• WORK TO COMPLETE:
Copy every line of the records that includes the word "Executive".

• AVAILABLE DATA:
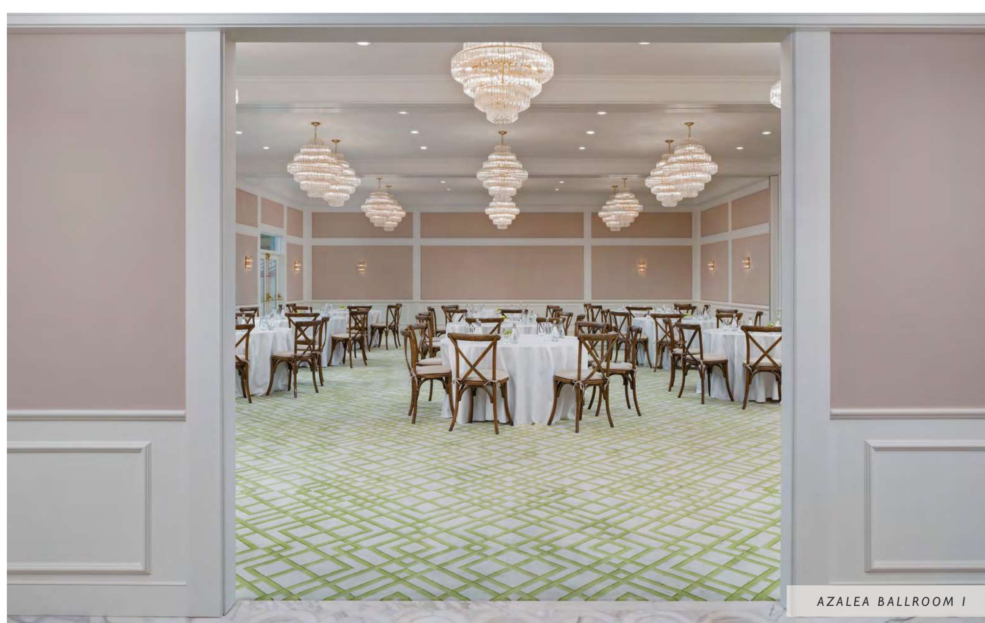
AZALEA BALLROOM I

Adjacent to Azalea Ballrooms I and II, the Azalea Lawn is 2,750 sq. ft. of vibrant sustainable turf surrounded by lush hedges for privacy. This garden-like setting can accommodate a tent and is ideal for up to 300 guests for a reception.
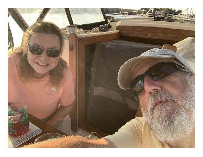
Day 11 – Thursday, September 15<sup>th</sup> Stayed at anchor in San Domingo Creek

Rest Day! Took a short dinghy ride to St Michaels, half a mile from our anchorage. Tied up at a dinghy dock at top of the creek. Walked around town for some shopping and lunch. Visited CBMM-(Chesapeake Bay Maritime Museum) and took advantage of access to their shore showers. St Michaels is a beautiful town with so many gardens. We loved playing "tourist" in town.
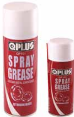
• QPLUS - SPRAY GREASE

Other Q Plus products includes Spray Grease, Chain Lubrication for motorbikes and bicycles, silicone spray, brake parts cleaner, anti static products and etc.
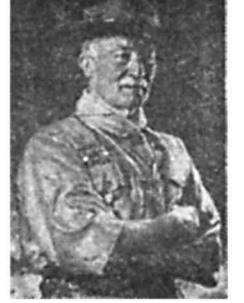
The original painting by David Jagger

Original artwork, suggested designs, stories behind the stamps, Scout cancellations, postage meter slogans, first day covers, rarities, die proofs, trial color proofs, errors, as well as postal stationery and the labels and seals that provide funds for Boy and Girl Scouts in many countries of the world?
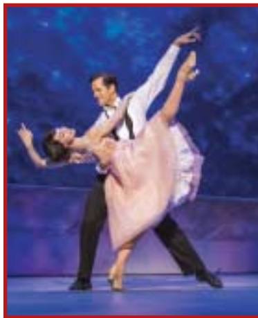
An American in Paris The Musical
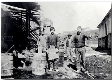
Workers preparing to load lime barrels for shipment.

Lime played a vital role in California history from the Mission era into the early 1900s. As the principal ingredient of mortar, plaster, and stucco, lime was critical to the development of California's cities and towns. Historic lime kilns, quiet reminders of the lime industry, remain standing in many areas of the state, some of them in parks.
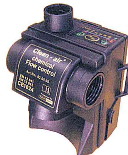
Clean-AIR Chemical Flow Control TM3

Fullfacemask CA-6 (Sundström SR 200) is compatible with turbo unit Clean-AIR Chemical Dual Flow TM3, Clean-AIR Chemical Flow Control TM3, Clean-AIR Chemical 2F Plus TM3 a Clean-AIR Chemical 3F Plus TM3 equipped with filters against particles or gases or combined filters, the set provides protection against harmful aerosols, vapors and gases or aerosols, vapors and gases in accordance with the information supplied by the manufacturer.
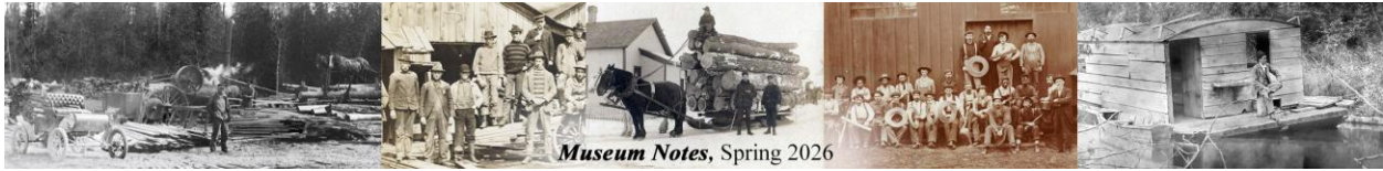
Museum Notes, Spring 2026
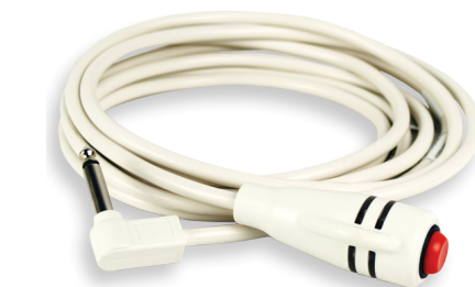
Standard Momentary Call Cord
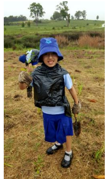
Schools Tree Planting Program Western Sydney Parklands at The Dairy
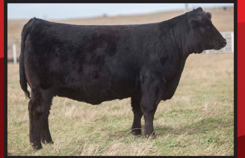
Lot 42, Flush/Embryos - $6,000 Consignor: Graber/Buehler/Storey Sold to: Dennis Larson
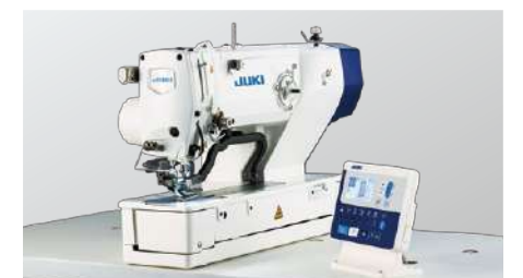
LBH-1790S: Buttonholing Machine

VIET LE CO., LTD. Sewing & Textile machines and Parts
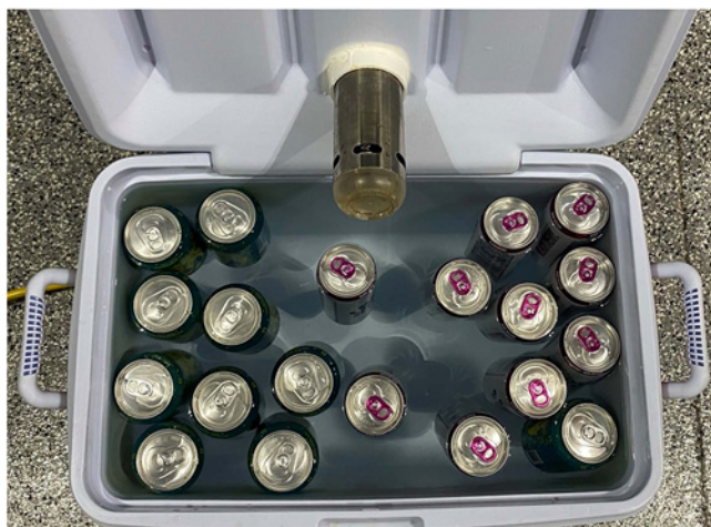
Figure 5. A water bath consisting of a cooler and sous vide device worked used as a stand-in for small-batch pasteurizers.
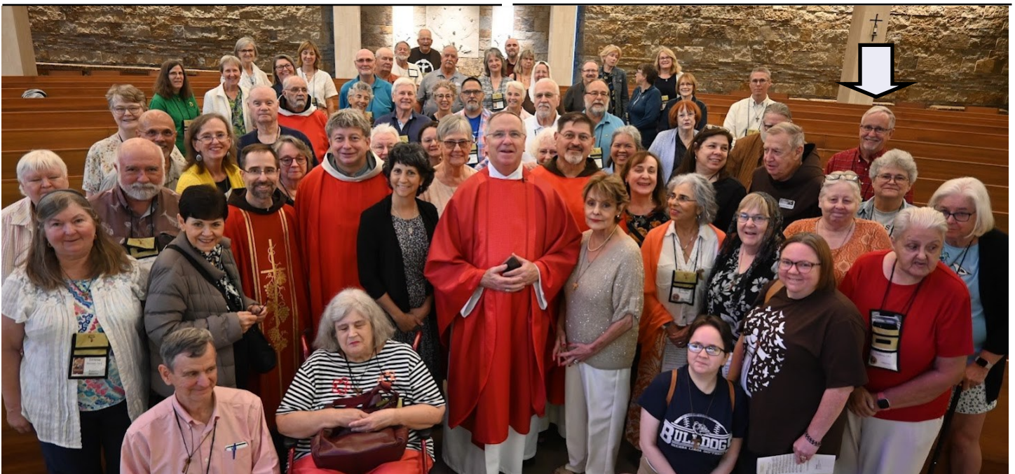
Pictured below: The National Fraternity at the 2024 Chapter in Phoenix Arizona. The National Fraternity is comprised of all the Regional Ministers and the National Executive Council.

The St. Elizabeth of Hungary Regional Executive Council wishes you and your loved ones a blessed Advent and Christmas Season!
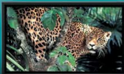
PANASONIC TH-50PF9UK 50-Inch Plasma Monitor
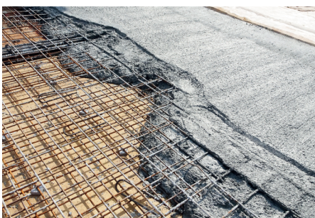
Floor & Roof Slabs
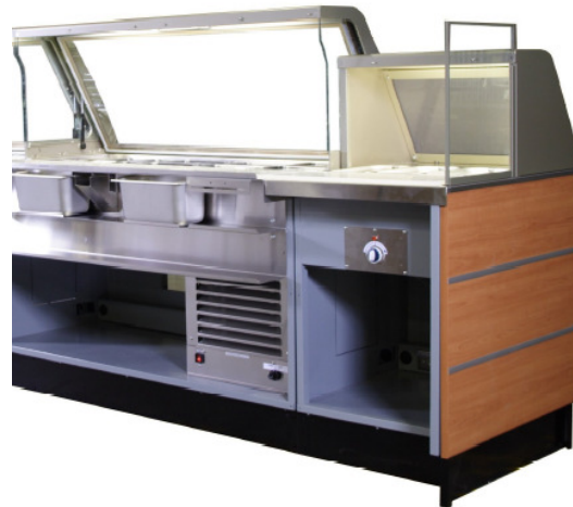
Above unit shown with Right Hand unit with optional End Panel
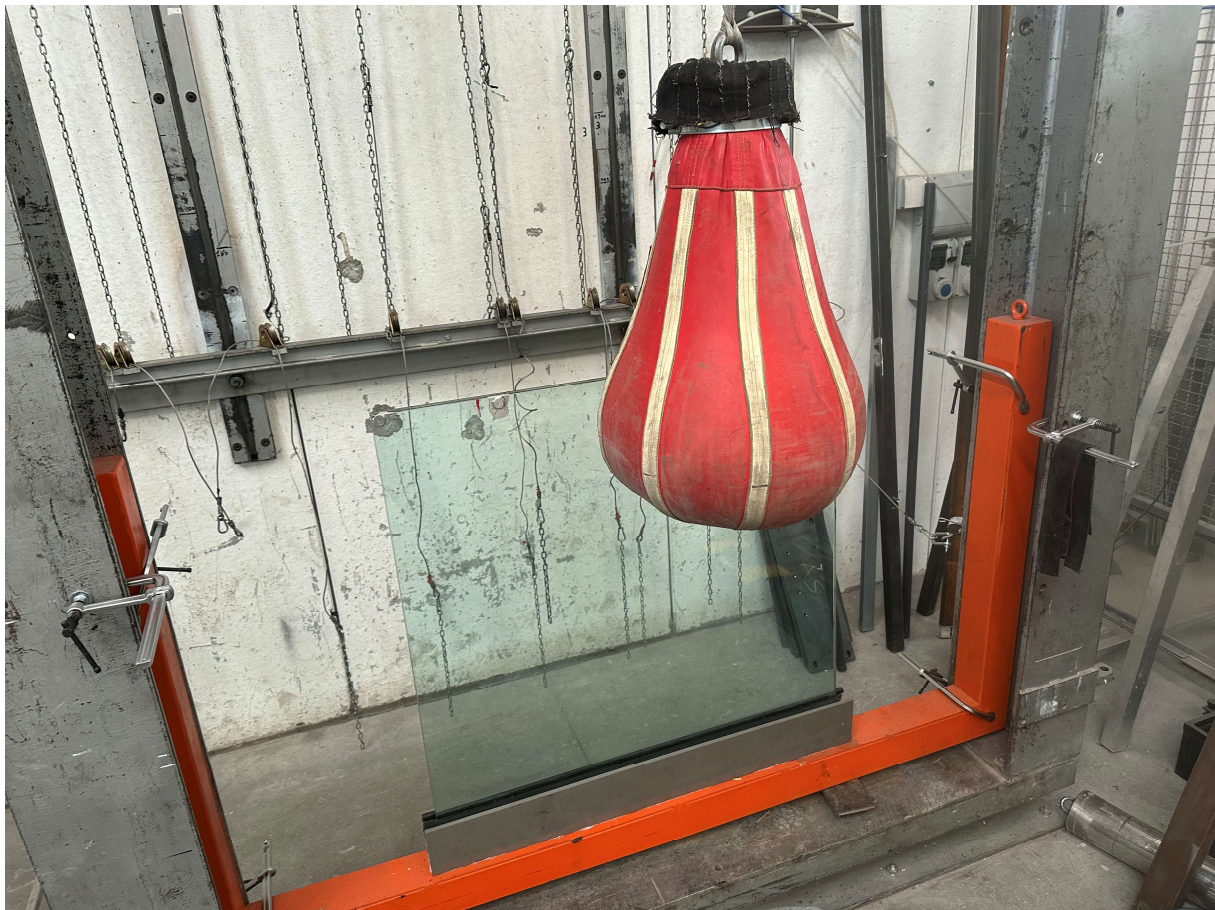
Photograph of the item after the impact to the edge
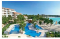
3rd Fraternity Prize Cancun
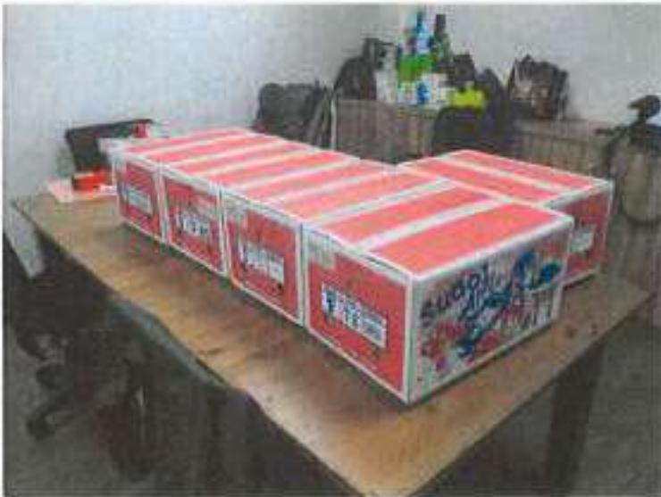
Photo No.49: Variety: Sugoí Sun-Fuji, 1 st grade with size: 72s: 5 cartons were sorted out at random for a further examination.
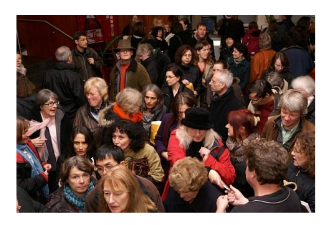
\ldots that in an instant fills the Museum-Foyer
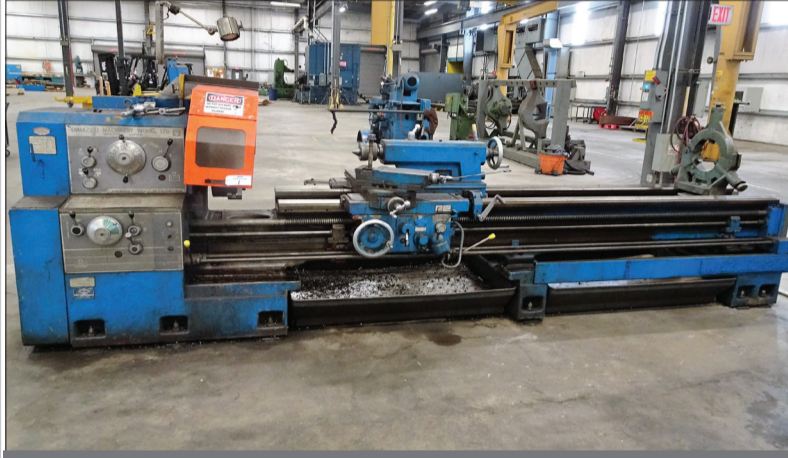
24" X 120" MAZAK HEAVY DUTY MAZAK-24 GAP BED ENGINE LATHE
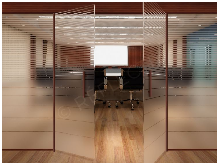
Lámina Decorativa INT 236
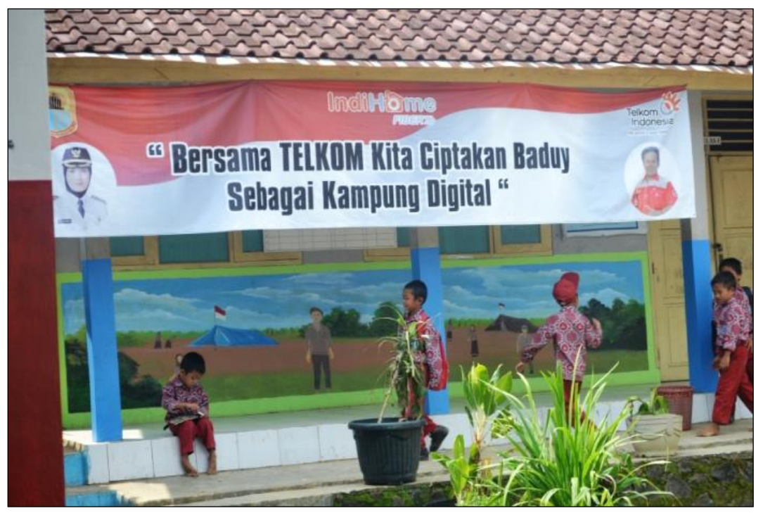
Figure 2. Information technology affects the lives of Baduy people

used for one study test. There was what was known as Heinz's dilemma among these dilemma stories. Based on the research, Kohlberg (1995) made general structures and forms of moral thought that could be defined individually regardless of the specific content of individual moral action decisions. The structure contained three different levels of moral thought, and each of these levels was divided into two interrelated stages.
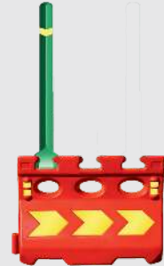
Jersey Barrier with Anti Glare Screen(L)

• RESULT OF THIS TASK:
Pictured below: The National Fraternity at the 2024 Chapter in Phoenix Arizona. The National Fraternity is comprised of all the Regional Ministers and the National Executive Council.
The St. Elizabeth of Hungary Regional Executive Council wishes you and your loved ones a blessed Advent and Christmas Season!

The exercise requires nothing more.